Candid Cameron
Candid Cameron
Q After re-reading David Edwards’ editorial comments regarding Craig Vetters attempts at modifying a Honda Helix to do 70 mph into a 20-mph headwind carrying four bags of groceries and get 100 mpg while doing so (“Freedom Machines,” September, 2008), I visited Vetter’s site. I was fascinated by the development process he has bravely put out to public view, warts and all, but I am puzzled by his idea that aerodynamics is the major factor. I am no expert, but my gut feeling is that power-to-weight ratio and gearing have at least as much to do with mpg (to say nothing of the rider’s control of her/his right wrist). Can you shed some light on the science of engine efficiency and gearing as they relate to economy? At what speed do aerodynamics become a significant factor? Kevan Smethurst Stoneham, Maine
A A rule of thumb is that about 25 percent of a car’s power goes into overcoming rolling resistance, so aero is a substantial item. The frontal area of a motorcycle or scooter can be measured by projecting its shadow onto paper by means of a very distant light source, at night. Aero drag force is proportional to frontal area, multiplied times aerodynamic coefficient, times velocity squared. Aero drag power is proportional to velocity cubed. Bikes generally have considerably worse aero coefficients than do cars, but they have smaller frontal area.

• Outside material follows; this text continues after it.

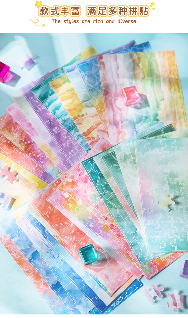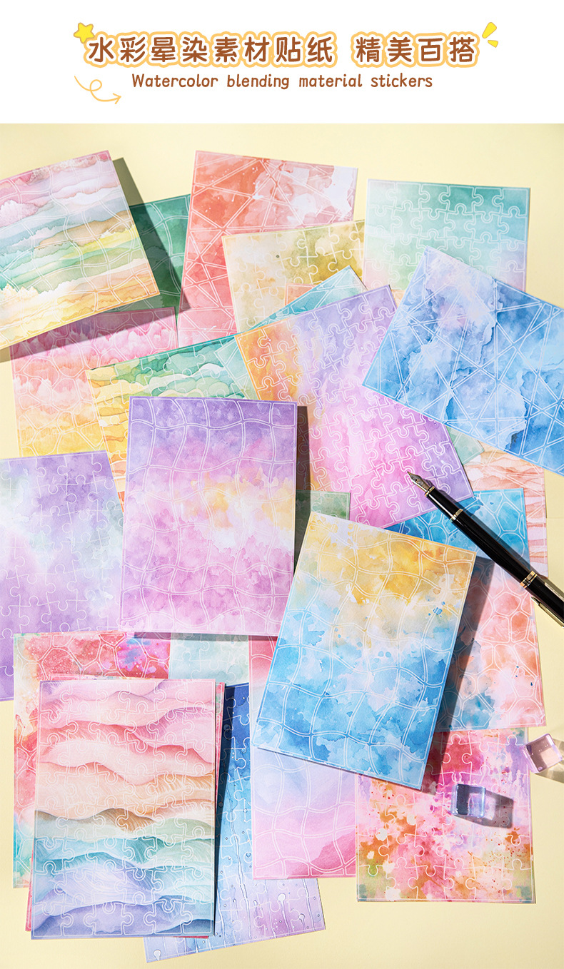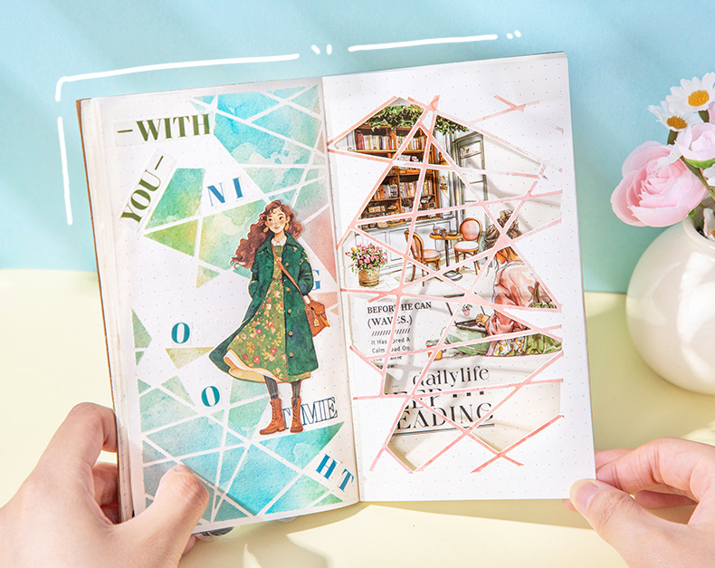 콜라주 스티치 재미있는 수채화 재료 다이 컷 스티커 복고풍 컬러 배경 콜라주 장식 베이스 용지스토어 가기

Every engine has a point of minimum specific fuel consumption, which for a four-stroke engine is something close to 0.5 pound of fuel burned per horsepower, per
hour. That being so, if it takes 15 hp to drive a particular bike at X steady speed, and if the engine is geared to operate at rpm and throttle angle close to that point of minimum specific fuel consumption, the bike will burn 0.5x15=71/2 pounds of fuel per hour, or about 1.2 gallons. As four-stroke engines are throttled down, their pumping loss increases, so their specific fuel consumption increases as well. As they turn higher and higher rpm, their friction loss increases.

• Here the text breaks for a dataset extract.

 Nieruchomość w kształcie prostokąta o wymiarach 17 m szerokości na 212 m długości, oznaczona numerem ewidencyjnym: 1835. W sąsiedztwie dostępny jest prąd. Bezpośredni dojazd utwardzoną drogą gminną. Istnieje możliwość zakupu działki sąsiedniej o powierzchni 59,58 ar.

Ideally, you’d provide an engine that was about twice as powerful as needed for the desired cruising speed; but in general, motorcycle engines are much more powerful than this because their mission is to provide pleasing acceleration. That makes them less efficient on the highway because they are then cruising at something like 10 percent power, which puts the engine in an inefficient zone of specific consumption. This is the basis of hybrid vehicles-to run on the battery electric system at road speeds that would be inefficient for the piston engine.

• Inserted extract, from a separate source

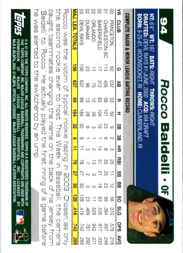 The 2004 Topps Opening Day Rocco Baldelli #94 Tampa Bay Devil Rays card is a must-have for any sports card collector. This card features an action shot of Baldelli stealing second base and is a great way to commemorate the start of the 2004 season. With bright colors and sharp corners, this card is sure to be a valuable addition to any collection. Don't miss out on your chance to own this piece of baseball history and add it to your personal collection today.

The problem of reducing aero drag is complicated by the short length of twowheeled vehicles, making it very hard to close their wake. For this reason, motorcycle “streamlining” really isn’t very streamlined; it is smoothly shaped in front but is then chopped off before it can “put the air back where it was” and thus avoid wake drag. Adding a tapered tail makes the vehicle vulnerable to side-wind effects-something Craig Vetter is trying to deal with. A small engine of high compression ratio, turning moderate rpm, is a good beginning.
Kevin Cameron